How many ways can you pick (n-2) objects from a set of n objects with repetition?
if i start injecting myself with estrogen at aged 80, will i live longer?
does order matter? if so it's [math]n^{n-2}[/math], otherwise it's [math]\binom{2n-3}{n-2}[/math]
how did you come to that conclusion?
what conclusion? the combinatorics or estrogen stuff?
There was this extensive pocket book for engineers that everybody jerked off to saying it was fucking amazing.
I hear about it a bunch but now that I'm looking for it I can't find it, does anyone know what I'm talking about?
lol the combinatorics conclusion, I don't have any evidence backed input for the estrogen stuff, but it seems counter intuitive at least
how many distinct labelings are there for the two nonisomorphic labeled tree of 4 four vertices?
How would you find this for the 3 labeled nonisomorphic trees of 5 vertices?
If it's asking me to prove x^3-1/x-1=1+x+x^2 would just doing
>(x-1)(x^2+x+1)/(x-1)
>=x^2+x+1
be valid?
Wait what? The scalar? You mean the norms?
the way you wrote it is a bit unclear but yeah multiply both sides by (x-1)
why the fuck do plots in mathematica default to a non-square aspect ratio
>le aesthetically pleasing golden ratio maymay
fuck off
this has to be the most misguided use of the golden ratio i've ever seen
actual retard here
I've been trying to play around with quadratic functions, and was trying to derive a quadratic-equation equivalent for the standard form (f(x) = a(x-h)^2 + k) by solving for x at 0:
a(x-h)^2 + k = 0
a(x-h)^2 = -k
(x-h)^2 = -k/a
x - h = +-sqrt(-k/a)
x = +-sqrt(-k/a) + h
When I plug the appropriate numbers in, I do get the right answers, but the signs are flipped compared to the equivalent function (f(x) = ax^2 + bx + c) with the quadratic equation.

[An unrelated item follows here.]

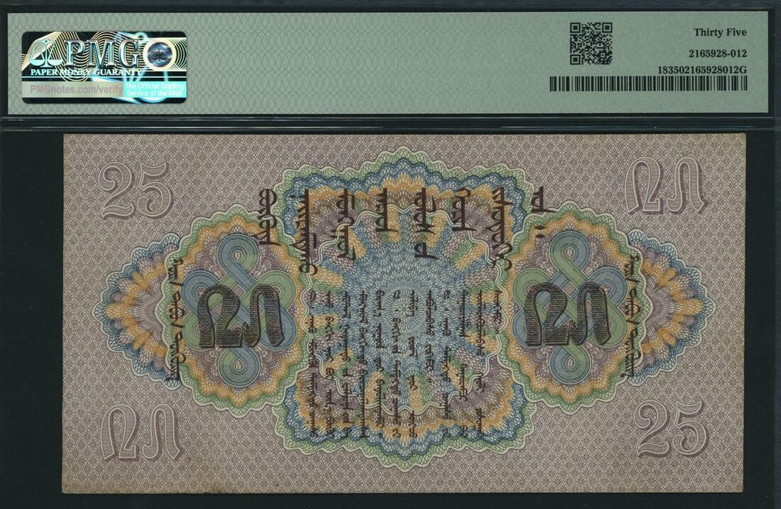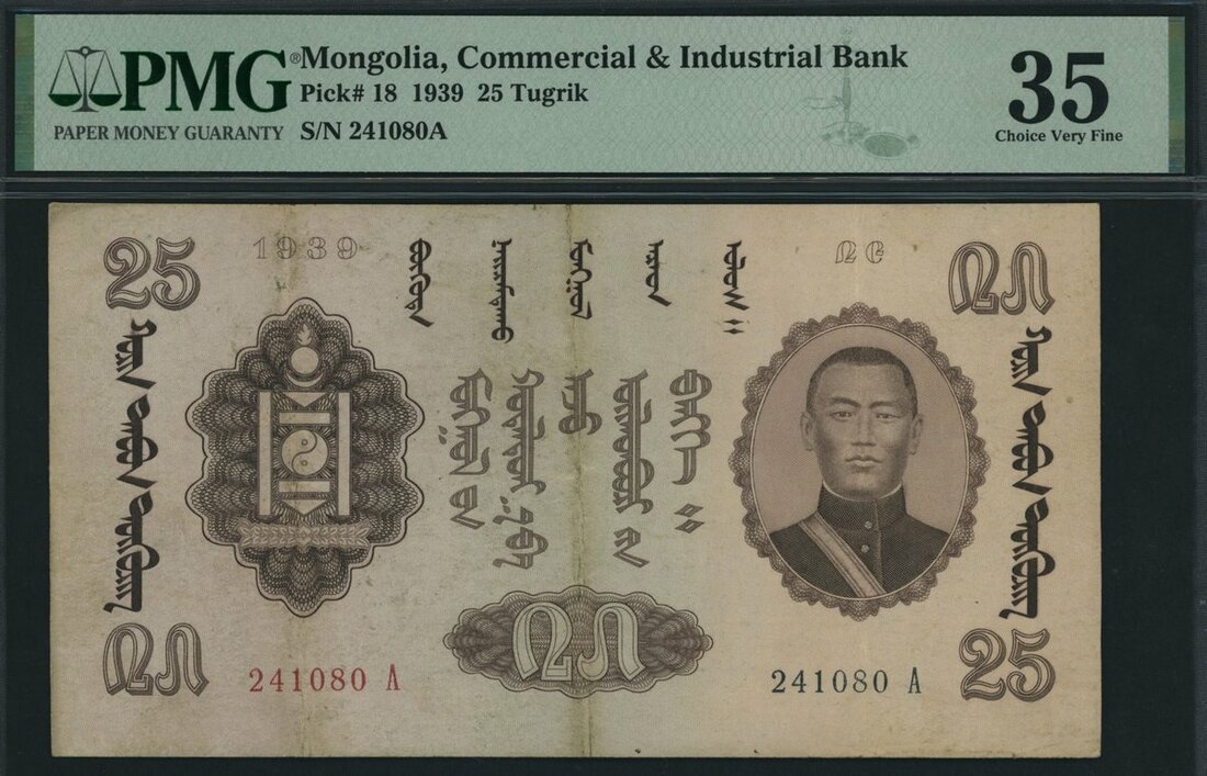 (x) Commercial and Industrial Bank, Mongolia, *TOP POP* 25 Tugrik, 1939, serial number 241080 A, (Pick 18, BNB 212), in PMG holder 35 Choice Very Fine, the Single Finest graded for the type on PMG census

What does mathematics mean by this? I must be deriving it wrong, but I can't quite point out where I'm fucking up
can someone explain how the operation on (x1,x2) and (y1,y2) leading to (x1y1,x1y2+x2) is an affine transformation? how can i interpret this as point preserving? i feel so stupid jesus.
So just how broad is the definition for a "function"? Can I have one in three+ dimensional space? Can it be a surface, so long as each point on the XY plane has only one Z? Would a trail through space be considered a function, such that each X gives you only one Y,Z pair?
You can't devide by zero you fuckhead.